Les maçons utilisent du mortier pour coller les pierres entre elles. Le mortier est obtenu en mélangeant dans des bacs à gâcher de la chaux aérienne, du sable et de l'eau. 
Pour des raisons de sécurité, la chaux n'est pas fabriquée sur place mais par un chaufournier de manière artisanale. Le mortier sèche lentement et permet une certaine élasticité des maçonneries.

Voilà pourquoi il n'y avait pas besoin de fondations (il n'y en a pas à Guédelon). Sinon, comment aurait-on pu construire les châteaux de défense sur des pics rocheux ? Le temps de séchage de la chaux n'est en fait pas connu : des études faites sur des monuments de plus de 900 ans montrent qu'elle n'est pas encore sèche !

Les tuiliers fabriquent à partir de la terre glaiseuse de Guédelon (terre grasse contenant de l'argile)

les tuiles (25 000 pour couvrir le logis !) et les carreaux de pavement.
Tuiles et pavements sont moulés dans des cadres en bois :

Une fois démoulés, ils sont posés sur des clayettes. Après un temps de séchage à l'air libre, les tuiles et carreaux vont cuire pendant 4 jours et 3 nuits à une température de 1 000° environ. 

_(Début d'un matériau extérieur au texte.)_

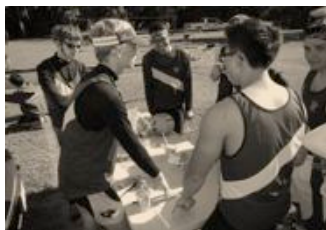
The Novice feast on bagels after racing.

place finish of the day. They continued their success with a second-place finish in the Women's Collegiate 8+, rowing 21:01 for the distance. Finally, the novice men's 4+ boats finished 2 nd and 3 rd in their race with respective times of 20:36, and 22:24. Overall, the team rowed very well and gained experience that would help them at the next two weekend's regattas: Head of the Hooch and Head of the South.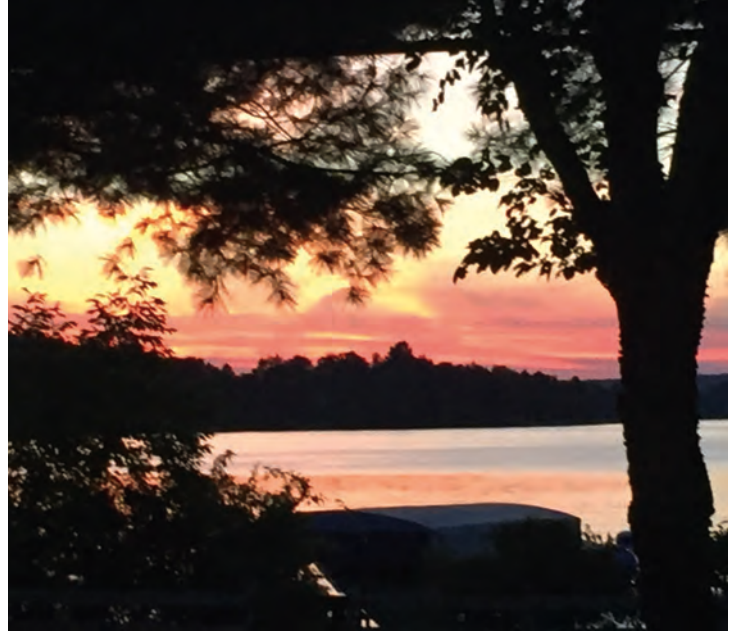
Late summer sunset from County Route 7.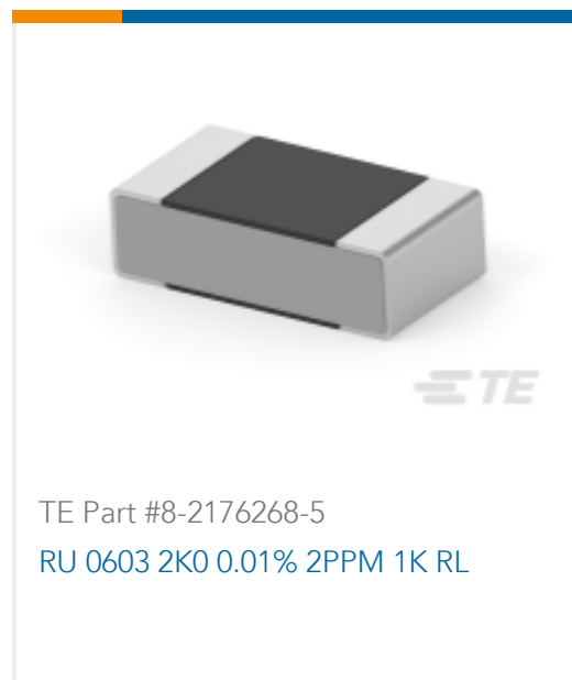
TE Part #8-2176268-5 RU 0603 2K0 0.01% 2PPM 1K RL

Tous les oeuvriers qui oeuvrent sur le chantier utilisent la pige comme instrument de mesure
Les encoches permettent de distinguer 5 mesures :
le pouce
la paume
la palme
l'empan
et le pied.
A chaque chantier sa pige : les mesures portées sur une pige sont celles du seigneur qui fait construire. Les oeuvriers portent leur pige à la ceinture. Ils vont de chantier en chantier. Les plus âgés ont donc plus de piges que les plus jeunes : il semblerait que ce soit à l'origine de l'expression populaire : avoir X piges.

Ce site est vraiment instructif. Comme moi, vous devez avoir à l'esprit les litres d'huile bouillante que les assiégés déversaient sur leurs assaillants. Notre guide, qui fourmillait d'anecdotes, nous a justement fait remarquer que ce mode de défense nécessite des grands marmites et du temps, pas vraiment compatible avec une défense rapide. Cela a-t-il véritablement existé, en dehors de nos livres d'histoire ? Alors que des pieux à la pointe bien aiguisée, parsemés dans les fossés jouxtant le château sont une arme redoutable, qui blessent les assaillants avant qu'ils ne puissent agir. 

Un chantier passionnant, à revoir tous les 5 ans, pour profiter pleinement des avancements des travaux.
Lors d'une première visite le 9 août 2008,
les oeuvriers s'activaient au 1er étage du logis seigneurial. 
Le 8 août 2013, celui-ci est couvert, la tour maîtresse a pris de la hauteur.